Data items:
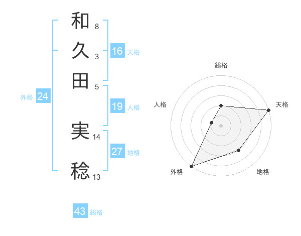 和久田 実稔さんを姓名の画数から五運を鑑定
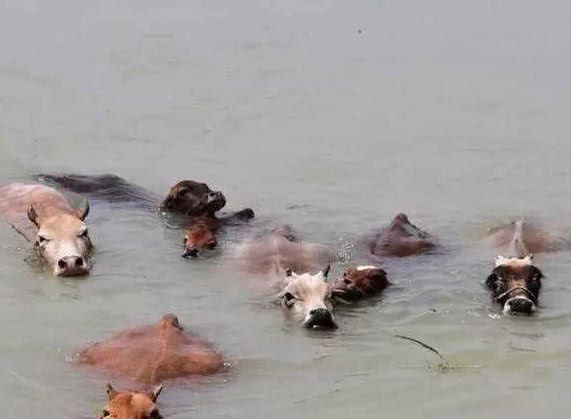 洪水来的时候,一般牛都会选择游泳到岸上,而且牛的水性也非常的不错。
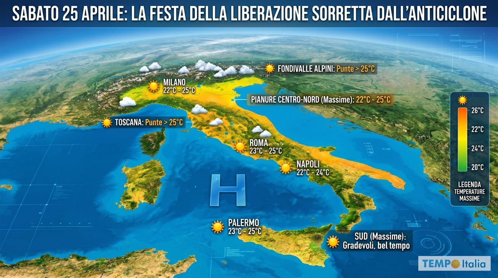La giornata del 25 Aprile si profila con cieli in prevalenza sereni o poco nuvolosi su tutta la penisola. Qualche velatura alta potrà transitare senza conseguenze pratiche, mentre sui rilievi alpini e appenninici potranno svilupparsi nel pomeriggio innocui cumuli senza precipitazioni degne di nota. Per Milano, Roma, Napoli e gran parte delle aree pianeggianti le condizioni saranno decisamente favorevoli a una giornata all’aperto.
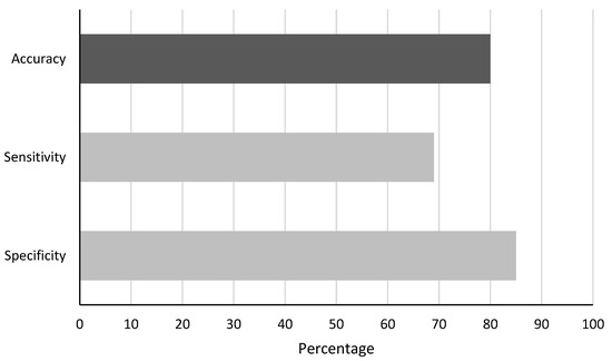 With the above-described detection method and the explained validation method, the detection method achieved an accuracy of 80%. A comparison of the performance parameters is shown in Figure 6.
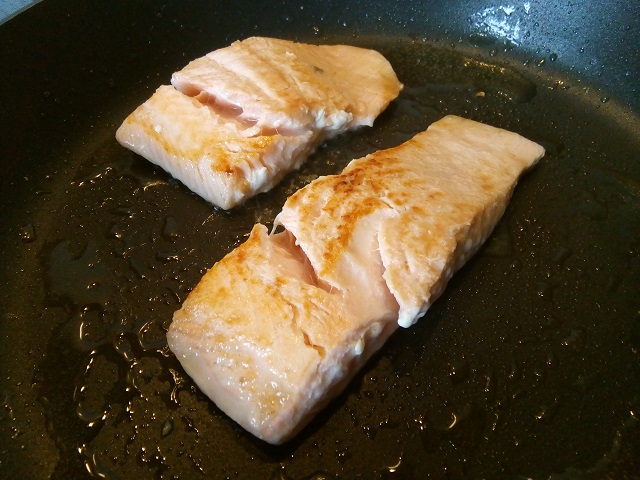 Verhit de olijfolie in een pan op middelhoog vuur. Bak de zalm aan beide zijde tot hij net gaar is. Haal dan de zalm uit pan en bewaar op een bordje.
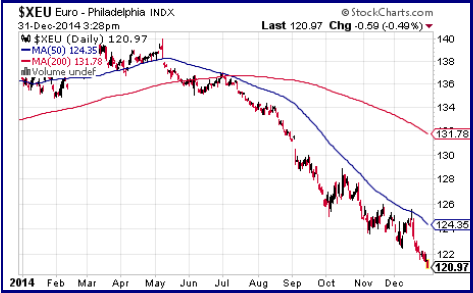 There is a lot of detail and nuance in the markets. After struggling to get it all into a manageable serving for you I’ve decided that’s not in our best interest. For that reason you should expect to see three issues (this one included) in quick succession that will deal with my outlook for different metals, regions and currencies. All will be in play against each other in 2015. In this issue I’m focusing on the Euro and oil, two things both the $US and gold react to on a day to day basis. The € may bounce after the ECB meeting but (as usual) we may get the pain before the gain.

*Work request*: Output, line for line and exactly, the records above from their first line through the one with "Verhit de olijfolie", both ends included, but no pictures.

*Task answer*:
 和久田 実稔さんを姓名の画数から五運を鑑定
 洪水来的时候,一般牛都会选择游泳到岸上,而且牛的水性也非常的不错。
La giornata del 25 Aprile si profila con cieli in prevalenza sereni o poco nuvolosi su tutta la penisola. Qualche velatura alta potrà transitare senza conseguenze pratiche, mentre sui rilievi alpini e appenninici potranno svilupparsi nel pomeriggio innocui cumuli senza precipitazioni degne di nota. Per Milano, Roma, Napoli e gran parte delle aree pianeggianti le condizioni saranno decisamente favorevoli a una giornata all’aperto.
 With the above-described detection method and the explained validation method, the detection method achieved an accuracy of 80%. A comparison of the performance parameters is shown in Figure 6.
 Verhit de olijfolie in een pan op middelhoog vuur. Bak de zalm aan beide zijde tot hij net gaar is. Haal dan de zalm uit pan en bewaar op een bordje.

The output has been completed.